This Paleo Sweet and Sour Coleslaw is crisp, tangy, and lightly sweetened with honey instead of refined sugar. Perfect as a side dish for grilled meats, barbecues, or a refreshing salad on its own. With simple ingredients and no mayonnaise, it’s a lighter take on classic coleslaw that’s both paleo and gluten-free.


Serves: 4–6
Prep Time: 20 minutes
Cook Time: 5 minutes (for dressing)
Total Time: ~25 minutes


Ingredients

  • 1 head cabbage, shredded

  • 3 carrots, grated

  • ¼ cup honey

  • ½ cup clear vinegar (apple cider vinegar works well)

  • Salt and pepper, to taste


Instructions

  1. Prepare vegetables: Place shredded cabbage and grated carrots in a large mixing bowl.

  2. Make dressing: In a small saucepan, heat vinegar and stir in honey until dissolved. Remove from heat and let cool.

  3. Combine: Pour cooled dressing over the cabbage and carrots. Toss well to coat evenly.

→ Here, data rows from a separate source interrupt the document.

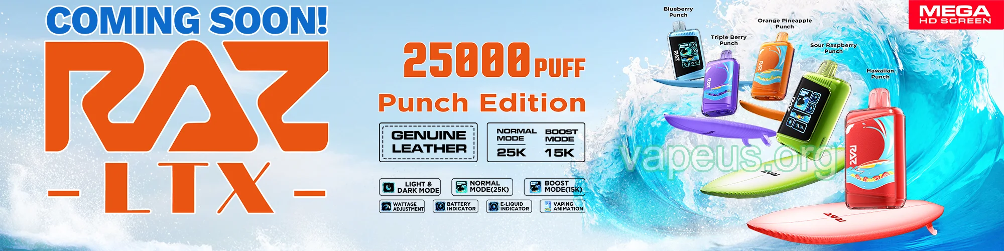The Raz Vape Punch Edition is a flavor fiesta designed for vapers who crave bold, juicy profiles. Each of the five new blends combines tropical fruits, tangy twists, and icy finishes for an unforgettable experience.
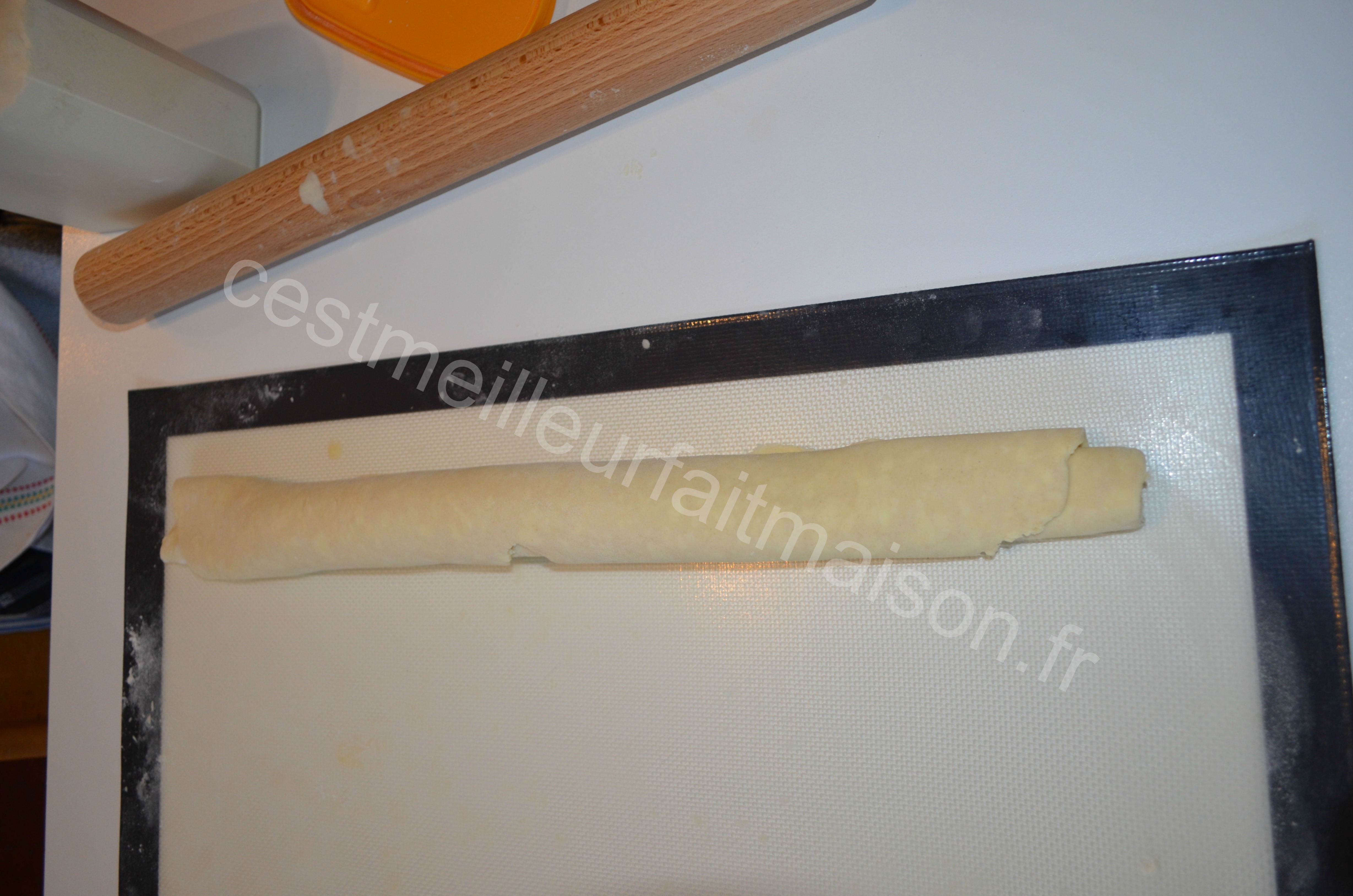 4- Sortir l’escargot du réfrigérateur. Attendre quelque minute pour qu’il soit moins dur. Le mettre sur la tranche, toujours sur un plan de travail fariné, et taper dessus avec le rouleau à pâtisserie. Etaler la pâte en rond ou en rectangle suivant son besoin.
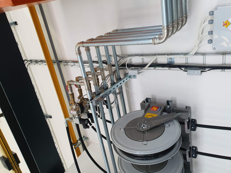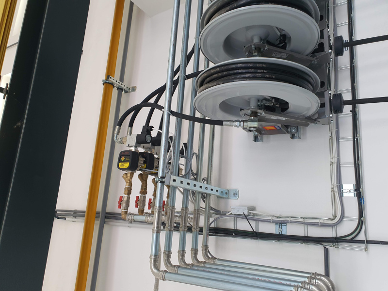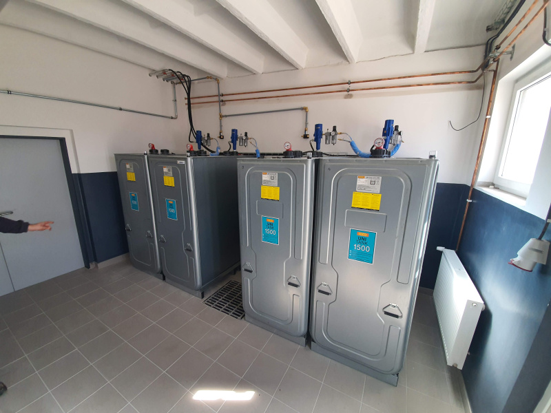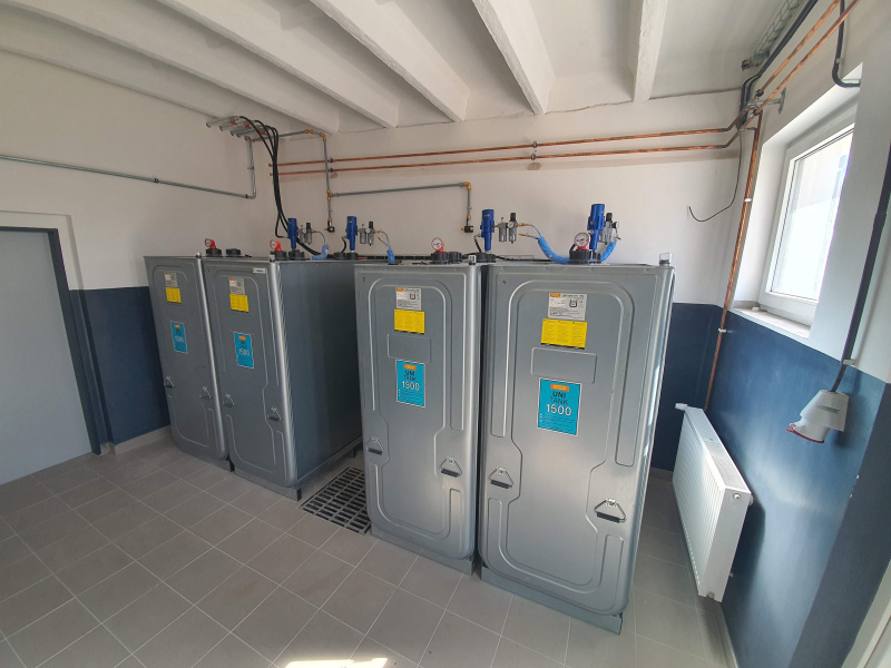 Ausgabe neuer Öle und Sammlung gebrauchter Öle für den SCANIA-Service in Pardubice. Die Ausgabe neuer Flüssigkeiten wird durch ein System zur Datenübertragung an einen PC überwacht. Lagerung neuer Öle in doppelwandigen Tanks mit pneumatischen Pumpen. Sammlung gebrauchter Öle in doppelwandigen, vollständig aus Metall gefertigten, speziell angefertigten quadratischen Tanks.
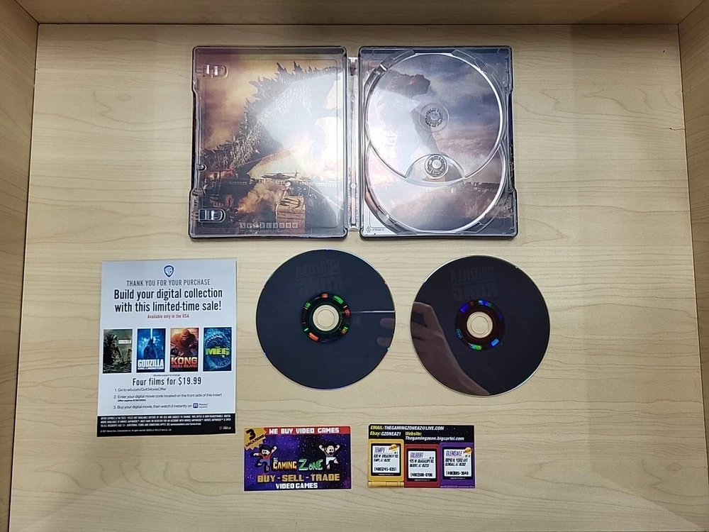 Like new Godzilla Vs Kong 4K Blu-ray DVDs Steelbook. Everything is in like new condition with no signs of wear or scratches. It will come with all original contents including the 2 Blu-ray discs and the limited edition steelbook. No extra accessories will be included. Buy with confidence. If you have any questions please contact us. Thank you for your business. Make sure to check out our online store here in Ebay. We upload new inventory on a daily basis. In Arizona? Come visit one of our three retail stores, located in Tempe, Gilbert, and Glendale!
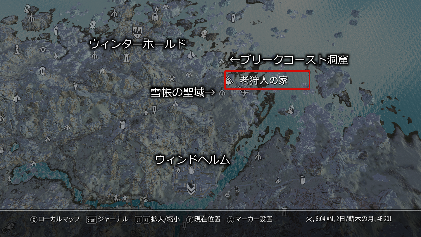 ウィンターホールドとウィンドヘルムの中間辺りにある、雪帳の聖域が最寄りになっています。
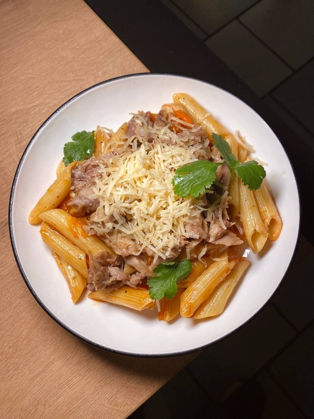 Сытная паста с сочным мясом свиных ребер, тушеным в томатном соусе и овощами.
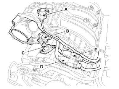(2) Disconnect the MAP sensor connector (A), ETC connector (B), RH exhaust OCV connector (C), RH injector connector (D) and RH ignition coil connector (E).

  4. Season: Add salt and pepper to taste. Chill before serving for best flavor.


Notes


FAQs

Is coleslaw paleo?
Traditional coleslaw often uses sugar or mayonnaise with processed ingredients, but this version uses honey and vinegar, making it paleo-friendly.

Can I make this coleslaw ahead of time?
Yes, but for best texture, mix the dressing and vegetables just before serving so the cabbage stays crisp.

Can I add other vegetables?
Absolutely — try thinly sliced red cabbage, bell peppers, or radishes for extra color and crunch.